A film still from The Illusionist.
Elena Rossini is familiar with the oft-repeated advertising maxim ‘sex sells’, but she believes companies have realised that it isn’t the ultimate way to market their products. “Insecurity sells. The message always seems to be you’re not okay just as you are, you need to spend money in order to be beautiful and ultimately to be happy.”
The Italian-born, American-educated, Paris-based filmmaker has been working for the past several years on her feature-length documentary, The Illusionists. The film is an examination of beauty ideals globally and how companies have a vested interest in perpetuating unachievable aesthetics. Rossini has conducted interviews with people from Europe, America, Japan, India and Lebanon to uncover how these advertising messages negatively affect consumers.
One of the most memorable lines in the teaser for the documentary is ‘a person that feels happy and secure isn’t going to be a good consumer’. It addresses the body dissatisfaction that is rife in terms of how necessary it is to keep the wheels of commerce greased. “If you imagine a woman who is 50 years old and she’s perfectly happy with her natural appearance, doesn’t wear any make-up, doesn’t care about clothing, she’s not going to make corporations any money,” says Rossini. “In order to maintain this endless cycle of consumption, the ideal is unattainable.”
A film still from The Illusionist.
Rossini found that whereas once the most coveted status symbol for buyers might have been a car or an item of clothing, now it is our actual bodies. And to keep consumers spending money advertisers find it necessary to continue inventing fresh areas of discontent, so that people can be sold the supposed solution. “Every year there is some new body part that we were not aware was problematic, like ‘cankles’ or the skin above your knees. I’m really curious to see what will happen five years from now – I’m under the impression we’ve exhausted every single body part, but I’m sure they’re going to come up with something new,” Rossini says with a wry laugh.
She also sees the global ramifications in pushing Western beauty ideals in non-Western countries through trends like the growth of eyelid surgery in Asia or rhinoplasty in the Middle East. “If you keep seeing images hundreds of times a day that look nothing like you, that are a completely different racial make-up, you are going to feel like there is something wrong with your own body.”
Through her research for the film Rossini also found the problem of hyper perfected advertising images is affecting wider swathes of the population. “Women have been targeted for so long, now the new markets are men and children. It’s getting worse across the board to the point that children are getting increasingly self conscious about the way they look. Girls as young as three don’t want to gain any weight, which I find absolutely disturbing.”
Documentary maker Elena Rossini. Photo: Laurence Oluyede
The documentarian has come to the conclusion that these sorts of advertisements are a form of ‘visual pollution’ we are all subjected to. “This relentless propaganda that keeps telling us we have to look a certain way that is really idealised, it’s so toxic. People that I interviewed like Susie Orbach [author of Fat is a Feminist Issue and Bodies] and politician Jo Swinson, they’re trying to get across that this is affecting our health and our self-esteem.”
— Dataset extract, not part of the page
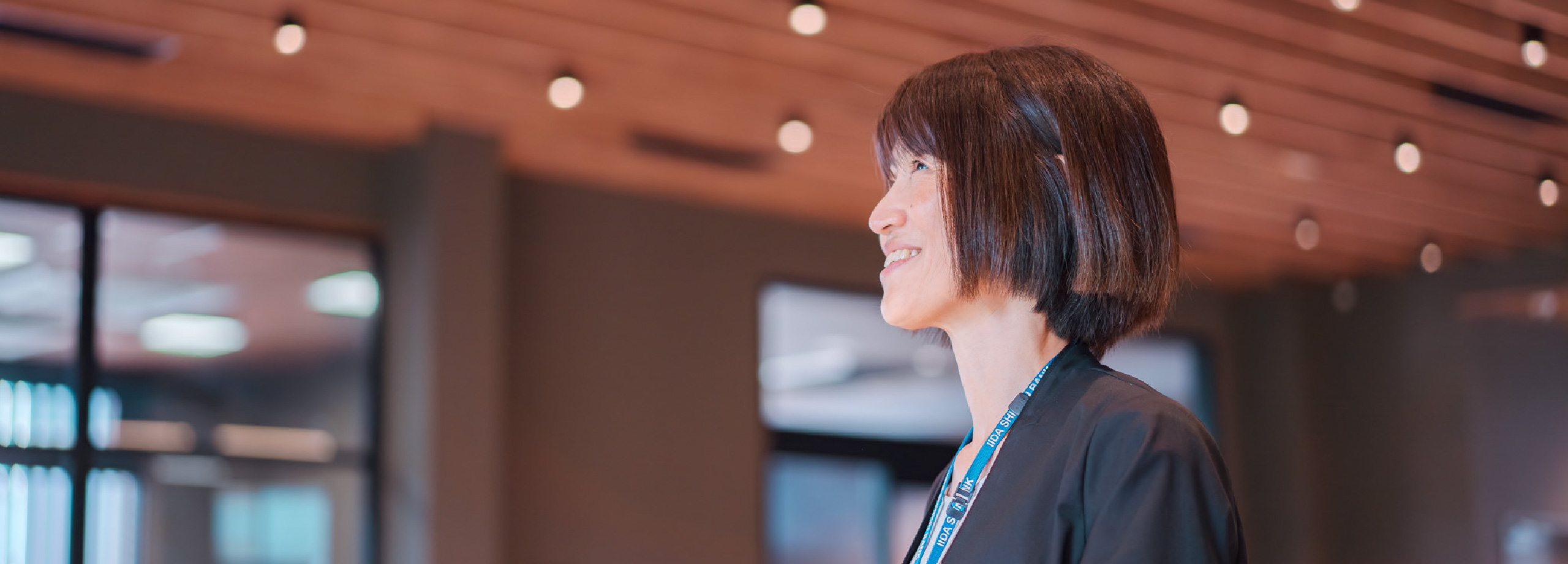 キャリアビジョン研修は、会社のなかで“自分のあり方”を見直すきっかけになりました。私は会社のみんなが、心身的にも社会的にも“よい”状態である「ウェルビーイングな状態でいてほしい」と気付いたことから、国家資格キャリアコンサルタントやコーチングなどの資格を取得しました。職場環境を“よい”状態へ働きかけられる存在になりたいと思っています。

Rossini suggests that if people are feeling negatively impacted by these marketing messages, she would advise a ‘media diet’ to cut out some of the unrealistic images. She also recommends not supporting companies that trade in these idealised or overly sexualised images and instead voting with your wallet by choosing companies aligned with one’s personal values.
While her documentary might be focused on conventional beauty, but there’s nothing conventional about Rossini’s path to getting the project made. She tried the traditional routes meeting with television stations about backing the project, but due to the popularity of Michael Moore and Morgan Spurlock found that first-person documentaries were the hot commodity. “I was always told we’re not interested in the experts you want to interview. You should put yourself in the film undergoing beauty treatments, then you’ll have a deal,” says Rossini.
Instead she decided to stay true to her own vision of using a variety of voices to examine the issue and in 2011 successfully raised more than $37000 using crowd funding. Rossini is now in the process looking at DIY distribution deals to make the film available to viewers around the world hopefully later this year.
When asked the main message she wants to get across with the The Illusionists Rossini is silent for a moment before answering. “For people to be mindful that the ideal consumer is someone who is unhappy and constantly dissatisfied. When people are feeling pressure to look a certain way, I would want them to keep in mind that it doesn’t just come from them, it’s in the economic interests of many, many corporations. I think that this awareness can help when it comes to self-esteem and truly make a difference in the way we lead our lives.”